Antonio Joaquim afirmou que 'o negócio foi realizado mediante contrato de compra e venda, de forma lícita, lúcida e clara. Afinal, o pagamento foi feito por meio de transação bancária - sob a observância do Banco Central - e devidamente incluído em minha declaração de imposto de renda à Receita Federal'.

"Acredito em ambas instituições, assim como tenho esperança na capacidade de elucidação dos fatos pelo Ministério Público Federal (MPF), que todavia trata a questão de forma leviana. A afirmação da procuradora de que eu sabia que o Wanderlei da TRIMEC havia comprado a fazenda para “presentear” o ex-governador do Estado, Silval Barbosa, se baseia em suposições. Porém, o pilar da verdade é construído sob a égide da existência de fatos concretos. Não é o caso. Desprovida de qualquer liame probatório, as afirmações soam como meras tentativas de adivinhação", pontuou Antonio Joaquim.

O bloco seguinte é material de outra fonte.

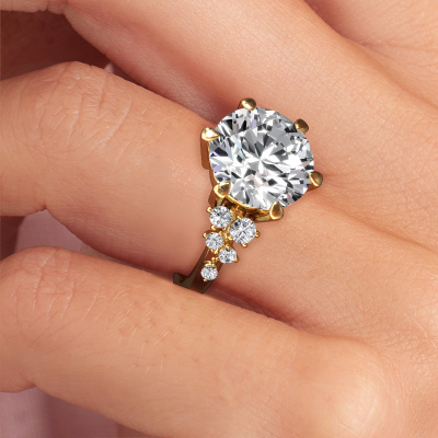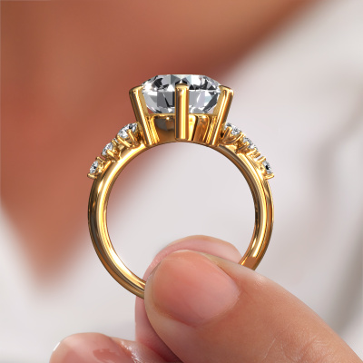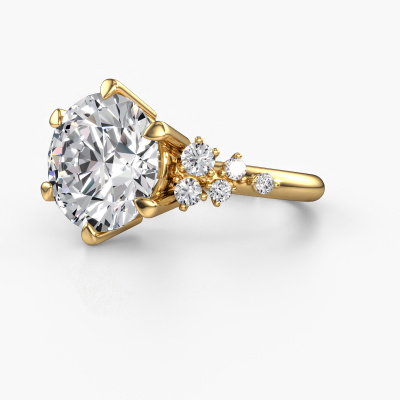 The ring shown above is called the Royce RND. We call this a solitaire ring because it contains a single gemstone. The engagement ring is made in 14 Carat gold and has a round lab grown diamond of 5.00 crt. This extraordinary vintage gold solitaire engagement ring is set with a beautiful round lab grown diamond to add sparkle to your proposal. The open prong setting allows light to strike the gemstone from various angles. Did you know a diamond represents everlasting love and fidelity? This makes it a perfect centrepiece. Our goldsmith carefully positions the gemstone of your choosing high on top of the ring, which makes it stand out. Each piece of jewellery is made by a team of passionate goldsmiths and jewel designers. This will make your crown jewel truly eye-catching.After receiving your order, our goldsmiths will passionately start the creative process of making your engagement ring in our own studio. Because we don't have a big stockpile, these costs will not be passed on to you. Our pricing is proof of that! We offer top quality jewels at lowest price, guaranteed.Do you have a specific ring in mind? One you came across somewhere. Please feel free to tell us your wishes and we will turn your design into a unique engagement ring. You can follow the development of your ring design because we use 3D drawings. This gives you a realistic preview of your design. We will gladly send you a non-binding offer, based on a fair price/ quality ratio. It will amaze you.To make it easier for you, we offer a 30 day return policy. Check our terms and conditions.

Ele ainda comparou a situação dizendo que "da mesma forma que o então procurador geral da República, Rodrigo Janot, e seu braço direito, à época subprocuradora geral, Raquel Dodge, não podem ser condenados pelo fato do ex-procurador, Marcelo Miller, ter trabalhado para os empresários Joesley e Wesley Batista, donos da JBS, no episódio do exitoso acordo de delação premiada firmado com a própria PGR, é que não posso ser punido por atos que não me dizem respeito".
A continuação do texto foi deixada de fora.